Biography & CV

 ​​​​​​​Robin North is an interdisciplinary visual artist based in Richmond, Texas, and San Diego, California. He holds a Bachelor of Fine Arts Degree from the University of Houston with a concentration in Photography & Digital Media. He is a Presidential Graduate Research Fellow and Master of Fine Arts candidate in Photography & Multimedia at San Diego State University in San Diego, CA. His work, ranging from alternative photography processes, installation, time-based media, experimental narratives, and mixed and digital media to photographic archives and research, is particularly interested in the relationship between photography and history related to the African Diaspora and African Americans.
After a nearly twenty-year career as a corporate executive and small business owner, in 2016, North’s uncle and one of his father figures, James North, an artist as well, revealed that he was diagnosed with the debilitating Alzheimer’s disease as a result of the harmful legacy of Agent Orange during his service in the US Airforce during the Vietnam War. North was asked to use his talents and the transformative powers of the arts to continue to research and tell the story of his family. He was entrusted with his family archives from numerous family sources, a trove of information including the family photo albums, old documents, oral histories, and other collective research, which were a time capsule into his ancestry and his family’s forced migration. His transition from the business world to a journey as a full-time visual artist began.

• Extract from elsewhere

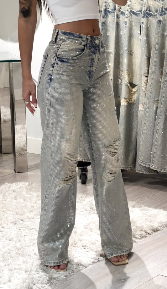 Full Diamanté Blue Wide Leg Sparkle Covered Jeans
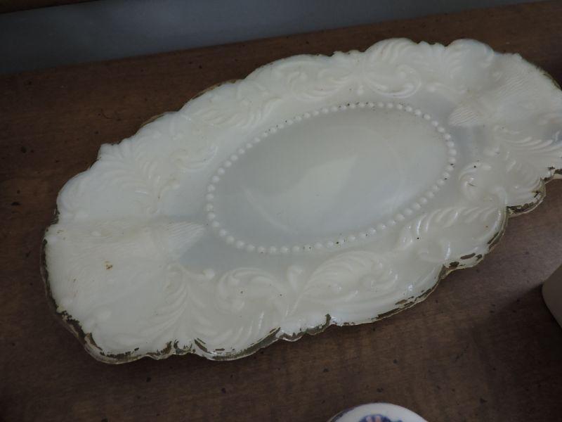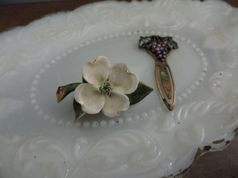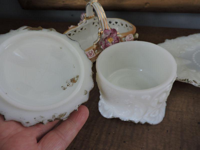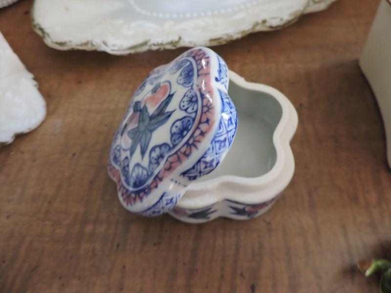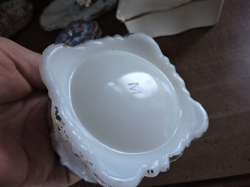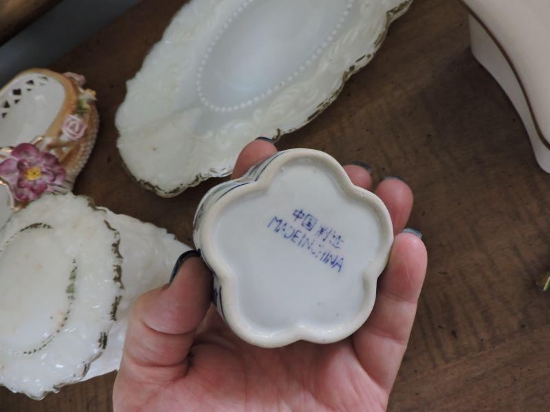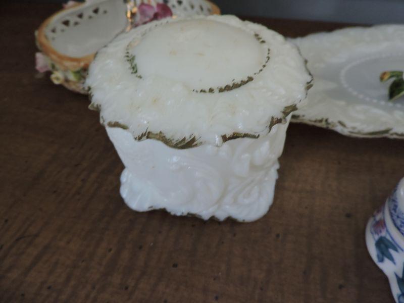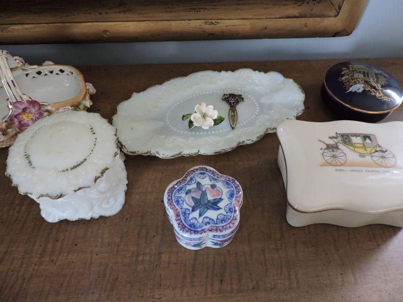 Milk glass and china covered trinket boxes, porcelain basket, flower pin, and more. Please read Terms and Conditions before placing a bid. Pick up is Saturday, November 30 from 9am to 3 pm in Bridgeton, NJ. All sales are final. All sales are as is, where is. Please review all photos. Any props included in photos are not included in listing. All measurements are approximate.

Robin’s practice explores how image-making, particularly photography, during colonialism, the Civil War, Reconstruction, Civil Rights, and other periods of conflict was used to deny black representation and perpetuate the idea of racial inferiority. He explores the complex questions associated with the account of African chattel slavery from the perspective of the enslaved, its correlation with the past and present-day structured systems of racism, and the personal and public forces that shape African Diasporic experiences. 
Robin engages with the historic nature of 19th-century photographic printmaking processes and the anti-technological pursuit of reproducing perfect images. The handmaking aspect of alternative photography provides a personal artistic expression through creative thinking and the enjoyment of the unknown. He feels that the limitless possibilities within alternative process techniques allow unconventional artistic expressions that directly correlate with reimagining black representation and missing history.